We are a comprehensive community asthma initiative based at Children's Hospital Boston. Currently, we are targeting children ages of 2 to 18 who are either admitted to Children's Hospital Boston or seen in the ER for asthma or an asthma-related complication, such as pneumonia. These children are identified by a nurse case manager (i.e., a nurse practitioner), who conducts an initial assessment of the family's needs for the child's asthma care. This includes asthma education, housing or legal advocacy, pest management, care coordination, referrals to other social agencies, etc.
Our program began enrolling patients and families in October 2005 and we are currently piloting it in two neighborhoods with high rates of asthma. Residents of these neighborhoods are predominantly low-income and African American and Latino and our current enrollment is about 50% each of these two racial/ethnic groups. We have bilingual English/Spanish capability.
We are partnering with a community-based asthma education agency which has been in existence for more than five years and conducts asthma education and environmental assessments in the home. We have added a strong Integrated Pest Management (IPM) component to their usual education services and provide a "Homesafe kit" (developed by the Boston Public Health Commission), which has safe cleaning products, sticky traps, expanding foam and copper gauze to fill in holes where pests are entering, as well as low-literacy teaching materials on IPM. We additionally provide each family with a HEPA vacuum and other equipment such as A/Cs on a case-by-case basis.
We also have an IPM consultant, who is a licensed exterminator, who can accompany our home visitors into the home to perform the actual extermination with the least amount of non-aerosol pesticides possible. Our nurse practitioner accompanies the home visitor on many occasions, when the child has moderate to severe asthma and when there is a history of non-adherence or poor understanding of the Asthma Action Plan. The nurse case manager will also keep in telephone contact with the family, as well as the PCP and, if applicable, the asthma specialist.

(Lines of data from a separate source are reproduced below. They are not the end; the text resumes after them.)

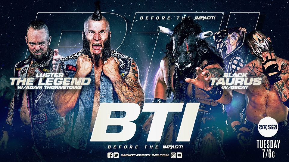 One hour before IMPACT! goes on the air, don’t miss BTI at 7/6c on AXS TV. This week’s exclusive match will pit Reno Scum‘s Luster The Legend against Decay‘s Black Taurus. What will happen just days after Decay defeated Reno Scum in tag team action at Sacrifice? As always, BTI will also feature in-depth previews, exclusive interviews, behind-the-scenes access and more.
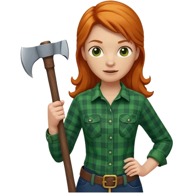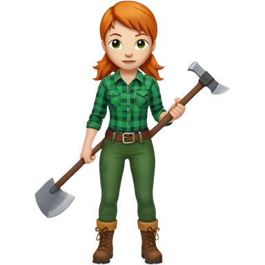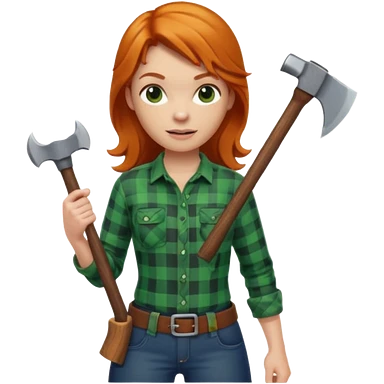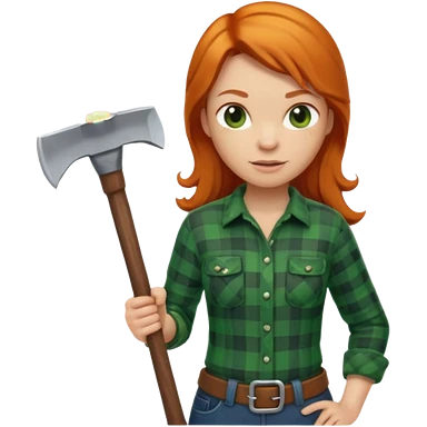 ginger lumberjack woman holding axe green checked shirt emoji
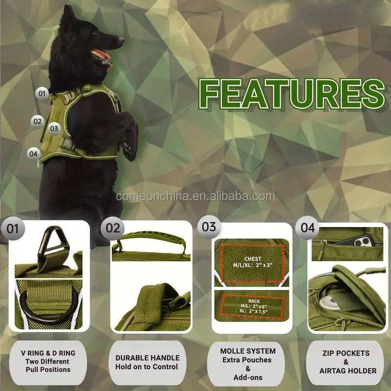 สายรัดสุนัขขนาดใหญ่หัวเข็มขัดโลหะไม่ดึงสายรัดสุนัขยุทธวิธี

Our primary outcome measures are: reduction in ER visits, reduction in admissions, reduction in missed school days. We are seeking approval from the Children's IRB to compare these outcomes to children seen at Children's for asthma from a comparable Boston neighborhood as a control group. The medical director for the initiative, Elizabeth Woods, MD, has strong program evaluation expertise. Our goal is to expand our program to other neighborhoods in Boston and are hoping to continue to expand our level of community collaboration. In addition, we have a program within our initiative that does community education for parents and child care providers, as well as supporting school nurses in both educational and material aid in delivering asthma care to the children in the Boston Public Schools.